I've sent my contact at HRI an email. I was just letting the board know about him as we're always curious about outcomes.

If there is still someone on here who really wants him and is willing to deal with the issues, then that would be wonderful too! Love to have a win-win. 

:tea:


----------



## Laurief (Nov 7, 2006)

As you know, the good thing about Hav. rEscue is that the foster family will train in properly and then release him to the Perfect forever home!! I hope that they will consider this as an option. I would foster him in a second!!! 
He really is adorable.
Laurie


----------



## Eva (Jun 20, 2008)

I wish that you were closer..I'd take him on in a heartbeat 
Potty training and leash training have become second nature to me with all of my fosters..lol
Consistancy (and belly bands) are the key to the potty training issue...leash training is pretty simple as well.
Just keep him hooked to you and he'll figure out that he doesn't have any choice but to follow..great for potty training too


----------



## casperkeep (May 16, 2007)

trish you need to pm me some more info maybe I can help out some how....we work with hri.....and we are close....so maybe we can help out!!!


----------



## gelbergirl (Jun 9, 2007)

Trish - you can teach the little sweetie to walk on a leash in a few minutes - that's how Henry learned (in front of me, to my amazement, from a trainer)


----------



## Scooter's Family (May 23, 2008)

He's so cute! I really hope you can find a home for him. Poor baby, wish I lived closer.


----------



## TnTWalter (May 9, 2007)

Heard back from HRI...they're bombarded right now [so sad] and are trying to only take purebred havanese. I'm getting more info for her.

He's coming tomorrow for a playdate [was supposed to be today but they couldn't do it].....anyway...I'll post more pics and keep you posted.

I am afraid I'll end up with him. I just really want to be the 'middle man' so to speak. Oy. We are a one dog house.

Thanks for help.

I might try to take him on a walk and see. I know that I've worked with Pepper [brother's dog] and she's much better for them and us now.

I just want to see how he interacts with me and with Winston and get a feel for him.

:tea:


----------



## Brady's mom (Dec 1, 2006)

Trish, he does look adorable. If Havanese Rescue doesn't work out, you can try HALO. They do take owner turn ins in addition to puppy mill rescues. 

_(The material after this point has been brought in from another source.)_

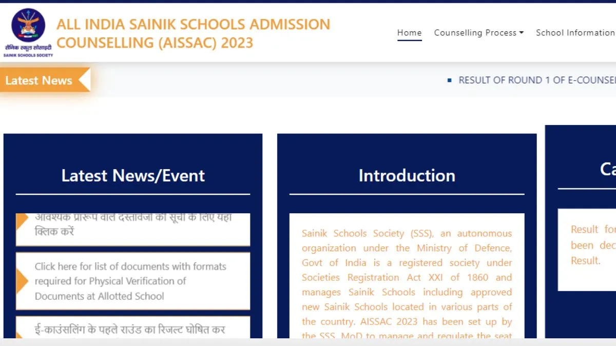 ऑल इंडिया सैनिक स्कूल एडमिशन काउंसलिंग (AISSAC 2023) ने एडमिशन के लिए ई-काउंसलिंग रिजल्ट जारी कर दिया है। एडमिशन लेने के वे इच्छुक उम्मीवार जो काउंसलिंग में शामिल हुए हो, आधिकारिक वेबसाइट pesa.ncog.gov.in/sainikschoolecounselling पर जाकर अभी अपना सीट अलॉटमेंट रिजल्ट देख सकते हैं। बता दें कि रिजल्ट देखने के लिए उम्मीदवारों को यूजरनेम और पासवर्ड की जरूरत पड़ेगी। वर्ष 2023 में AISSEE के लिए क्वालिफाई हुए उम्मीदवार, जिन्होंने सैनिक स्कूल में एडमिशन के लिए आवेदन किया था, वे लॉगिन पोर्टल के जरिए पहले चरण के सीट अलॉटमेंट रिजल्ट को चेक और डाउनलोड कर सकते हैं।

Let us know how it goes tomorrow. Poor little guy


----------



## TnTWalter (May 9, 2007)

He's here right now...

he's taller than Winston but skinnier.

Cute. Shy. Did just a little play and check each other out.

Sits.

Went to the door and did circles. I let him out and he peed!! My brother was here and was impressed. I think they don't see the cues as he doesn't bark like their dog Pepper does to go out.

Here are pictures.



























He's warming up to me. And starting to play a little with Winston and Pep.

Here he is watching Winston and Pepper play.


----------



## Leslie (Feb 28, 2007)

Trish~ He's sure a cutie! I hope you can find/figure out the best situation for him. You were smart to bring it here to discuss. So many knowledgeable and loving folks willing to help.


----------



## TnTWalter (May 9, 2007)

He's been hanging out on the deck happy as a clam looking around. I just saw him run into the yard to pee.

Meanwhile my dog is barking at the door wanting to be inside...so funny. My bil doesn't have a fence so I'm guessing they put him on the lead....

another picture










I wish my dog would stop barking. the other two are lounging and looking around...mine is at the door FLIPPING out. LOL.


----------



## Scooter's Family (May 23, 2008)

He's a cutie!


----------



## Evye's Mom (Dec 16, 2008)

The three look so cute together.


----------



## mybella (May 16, 2008)

Hi,

I am part of Havanese Rescue, and part of the intake comittee. We are committed to helping all Havaneses and Havanese mixes! This mission has not changed. We will glady take a Havanese mix that is in need. We are challenged with the amount of foster homes and that is the only thing that sometimes causes us to pause on taking in new dogs - not the fact that it is a mix.

I sent you a personal message to discuss further. But, the Intake committee wants to make sure everyone knows that we are not just after purebreds. 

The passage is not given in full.